▶ _ACTIVITY_
Using only the entries below, output the lines starting at the one containing "рівнем освіти (Рис.3)." and ending at the one containing "В конце встречи", exactly and inclusive of both, omitting the pictures.

▶ _MATERIAL SUPPLIED_

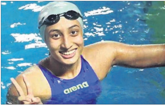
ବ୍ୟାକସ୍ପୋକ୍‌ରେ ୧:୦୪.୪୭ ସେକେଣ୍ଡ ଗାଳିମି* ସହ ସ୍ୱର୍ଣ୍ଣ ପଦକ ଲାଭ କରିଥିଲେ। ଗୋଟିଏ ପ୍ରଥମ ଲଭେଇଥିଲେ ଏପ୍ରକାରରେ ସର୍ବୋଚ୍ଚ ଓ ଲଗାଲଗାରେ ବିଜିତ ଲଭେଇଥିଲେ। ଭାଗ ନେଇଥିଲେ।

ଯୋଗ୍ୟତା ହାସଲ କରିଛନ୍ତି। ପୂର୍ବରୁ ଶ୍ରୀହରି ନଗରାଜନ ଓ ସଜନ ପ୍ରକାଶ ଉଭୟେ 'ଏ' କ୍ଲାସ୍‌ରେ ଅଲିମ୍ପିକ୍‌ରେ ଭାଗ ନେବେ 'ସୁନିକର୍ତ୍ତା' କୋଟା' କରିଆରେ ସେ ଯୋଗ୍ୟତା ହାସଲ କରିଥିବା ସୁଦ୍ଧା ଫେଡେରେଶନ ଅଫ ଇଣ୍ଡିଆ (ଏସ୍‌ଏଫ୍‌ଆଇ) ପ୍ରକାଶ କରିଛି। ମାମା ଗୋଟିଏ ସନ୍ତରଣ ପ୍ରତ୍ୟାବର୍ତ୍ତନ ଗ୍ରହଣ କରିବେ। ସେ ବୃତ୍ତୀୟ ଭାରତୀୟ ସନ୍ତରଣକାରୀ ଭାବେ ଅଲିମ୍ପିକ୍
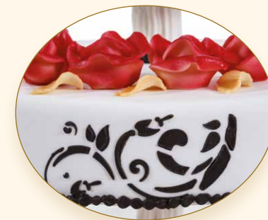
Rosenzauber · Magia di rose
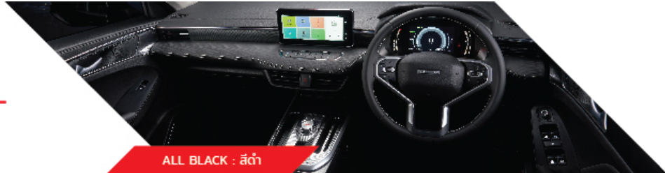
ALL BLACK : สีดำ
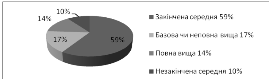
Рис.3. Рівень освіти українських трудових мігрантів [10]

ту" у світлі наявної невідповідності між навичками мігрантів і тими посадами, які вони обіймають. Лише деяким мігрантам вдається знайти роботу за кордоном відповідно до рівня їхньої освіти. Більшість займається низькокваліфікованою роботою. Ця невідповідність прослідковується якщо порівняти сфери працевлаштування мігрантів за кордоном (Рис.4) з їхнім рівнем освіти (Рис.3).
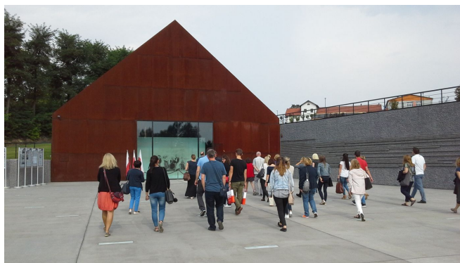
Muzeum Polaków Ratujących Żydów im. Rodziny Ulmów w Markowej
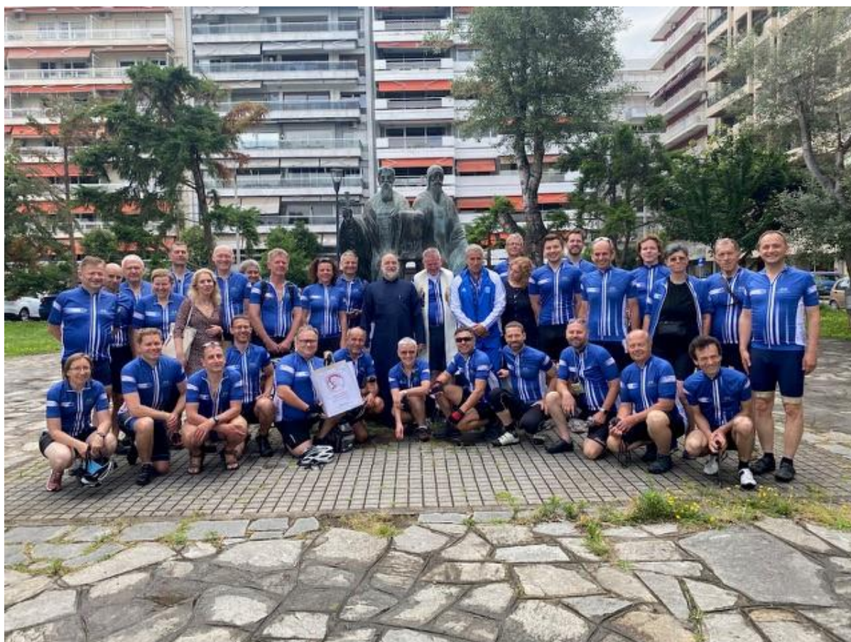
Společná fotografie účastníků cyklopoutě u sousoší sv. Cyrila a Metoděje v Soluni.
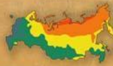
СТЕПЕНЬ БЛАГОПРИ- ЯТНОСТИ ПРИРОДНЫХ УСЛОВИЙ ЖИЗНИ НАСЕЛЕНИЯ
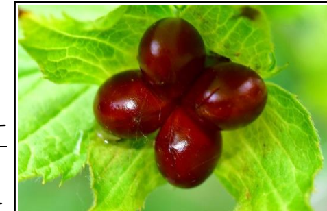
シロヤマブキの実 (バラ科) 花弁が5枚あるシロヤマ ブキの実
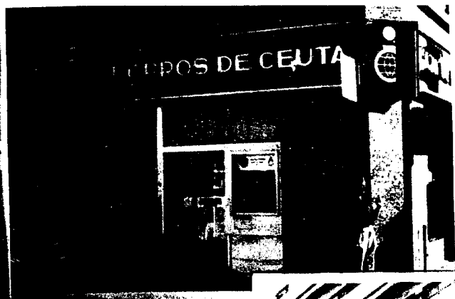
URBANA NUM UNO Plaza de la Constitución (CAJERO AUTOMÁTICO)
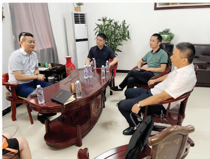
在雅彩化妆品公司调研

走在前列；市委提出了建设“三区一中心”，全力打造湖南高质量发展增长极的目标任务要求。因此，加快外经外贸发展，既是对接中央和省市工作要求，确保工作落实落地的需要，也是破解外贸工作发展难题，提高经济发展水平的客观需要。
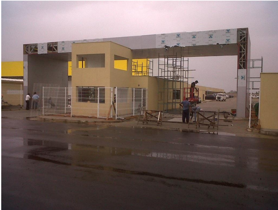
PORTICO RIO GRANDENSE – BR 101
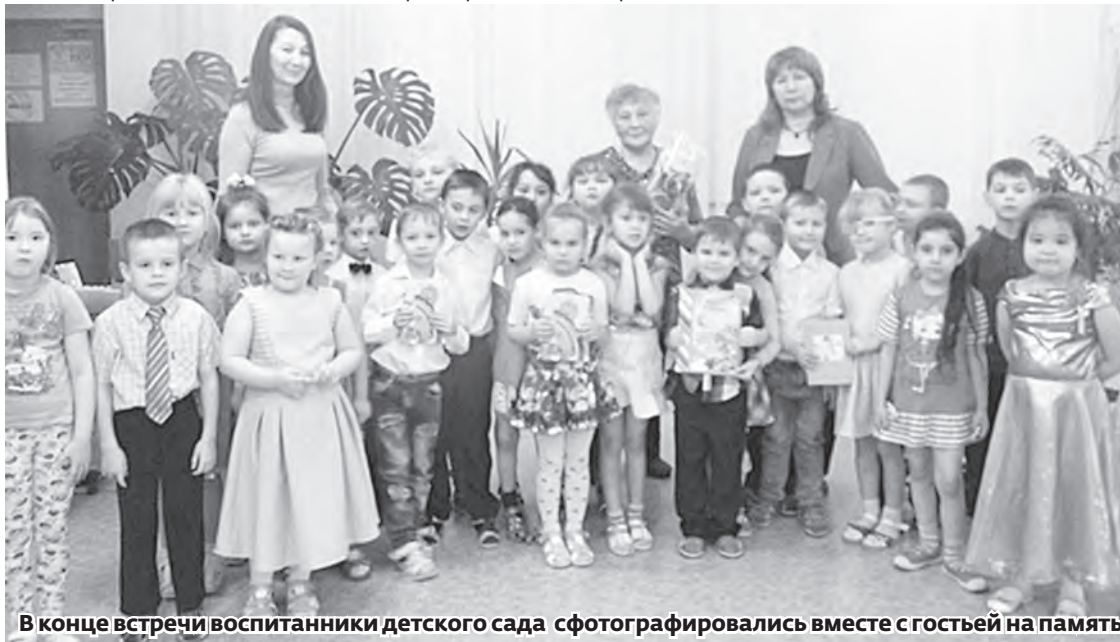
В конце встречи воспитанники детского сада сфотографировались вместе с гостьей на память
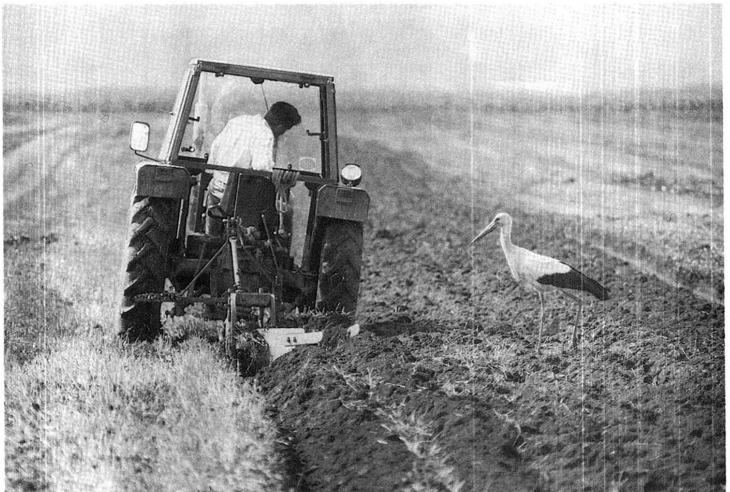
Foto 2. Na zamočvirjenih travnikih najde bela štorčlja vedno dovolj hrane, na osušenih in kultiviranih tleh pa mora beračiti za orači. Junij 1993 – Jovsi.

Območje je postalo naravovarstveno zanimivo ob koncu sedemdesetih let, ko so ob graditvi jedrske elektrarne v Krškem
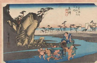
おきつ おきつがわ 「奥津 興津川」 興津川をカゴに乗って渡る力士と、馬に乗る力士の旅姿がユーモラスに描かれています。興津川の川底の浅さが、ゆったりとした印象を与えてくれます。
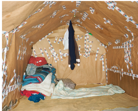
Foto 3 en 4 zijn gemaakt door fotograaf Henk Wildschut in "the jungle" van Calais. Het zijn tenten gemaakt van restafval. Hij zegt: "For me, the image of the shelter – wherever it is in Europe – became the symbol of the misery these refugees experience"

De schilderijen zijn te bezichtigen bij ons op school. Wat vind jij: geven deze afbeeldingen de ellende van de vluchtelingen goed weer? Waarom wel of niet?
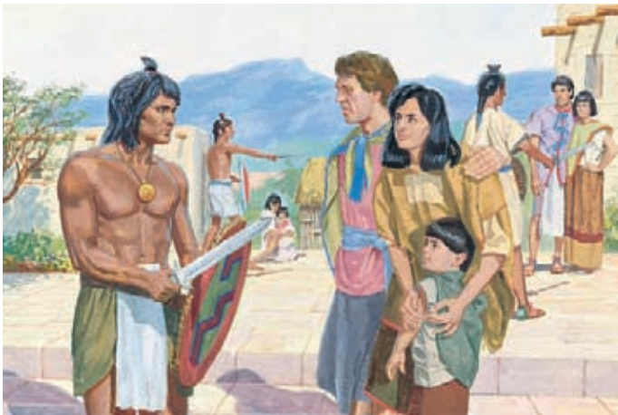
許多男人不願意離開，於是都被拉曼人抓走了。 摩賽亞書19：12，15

--

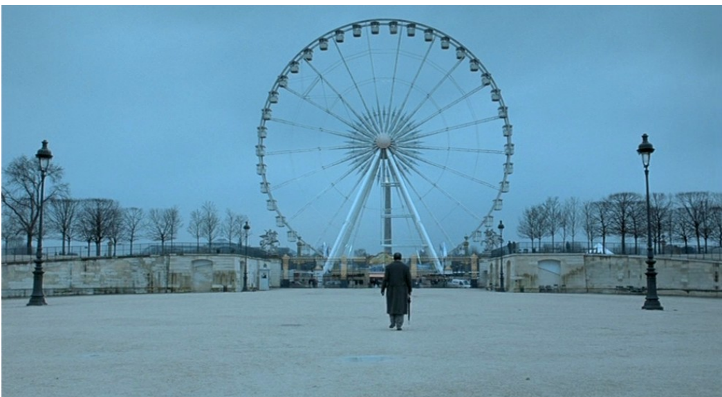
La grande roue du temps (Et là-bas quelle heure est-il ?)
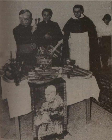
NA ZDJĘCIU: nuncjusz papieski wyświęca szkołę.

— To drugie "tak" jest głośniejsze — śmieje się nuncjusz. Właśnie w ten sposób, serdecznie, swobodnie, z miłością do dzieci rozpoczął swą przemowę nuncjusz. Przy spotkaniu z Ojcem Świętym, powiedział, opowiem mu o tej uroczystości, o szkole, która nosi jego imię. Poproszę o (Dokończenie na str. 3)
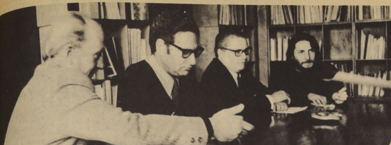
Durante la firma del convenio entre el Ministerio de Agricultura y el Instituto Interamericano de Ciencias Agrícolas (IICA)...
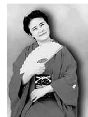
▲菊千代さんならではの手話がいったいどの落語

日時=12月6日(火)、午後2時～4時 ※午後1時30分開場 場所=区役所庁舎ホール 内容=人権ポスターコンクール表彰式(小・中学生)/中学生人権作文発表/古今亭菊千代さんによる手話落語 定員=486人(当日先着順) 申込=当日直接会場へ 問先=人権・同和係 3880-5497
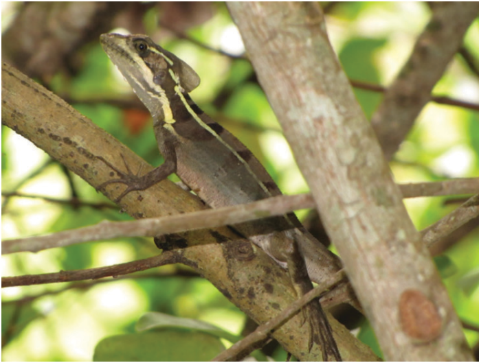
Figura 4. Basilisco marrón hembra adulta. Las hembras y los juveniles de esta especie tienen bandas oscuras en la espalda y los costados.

▶ _RESULT FOR THIS EXERCISE_
ту" у світлі наявної невідповідності між навичками мігрантів і тими посадами, які вони обіймають. Лише деяким мігрантам вдається знайти роботу за кордоном відповідно до рівня їхньої освіти. Більшість займається низькокваліфікованою роботою. Ця невідповідність прослідковується якщо порівняти сфери працевлаштування мігрантів за кордоном (Рис.4) з їхнім рівнем освіти (Рис.3).
Muzeum Polaków Ratujących Żydów im. Rodziny Ulmów w Markowej
Společná fotografie účastníků cyklopoutě u sousoší sv. Cyrila a Metoděje v Soluni.
СТЕПЕНЬ БЛАГОПРИ- ЯТНОСТИ ПРИРОДНЫХ УСЛОВИЙ ЖИЗНИ НАСЕЛЕНИЯ
シロヤマブキの実 (バラ科) 花弁が5枚あるシロヤマ ブキの実
URBANA NUM UNO Plaza de la Constitución (CAJERO AUTOMÁTICO)
在雅彩化妆品公司调研

走在前列；市委提出了建设“三区一中心”，全力打造湖南高质量发展增长极的目标任务要求。因此，加快外经外贸发展，既是对接中央和省市工作要求，确保工作落实落地的需要，也是破解外贸工作发展难题，提高经济发展水平的客观需要。
PORTICO RIO GRANDENSE – BR 101
В конце встречи воспитанники детского сада сфотографировались вместе с гостьей на память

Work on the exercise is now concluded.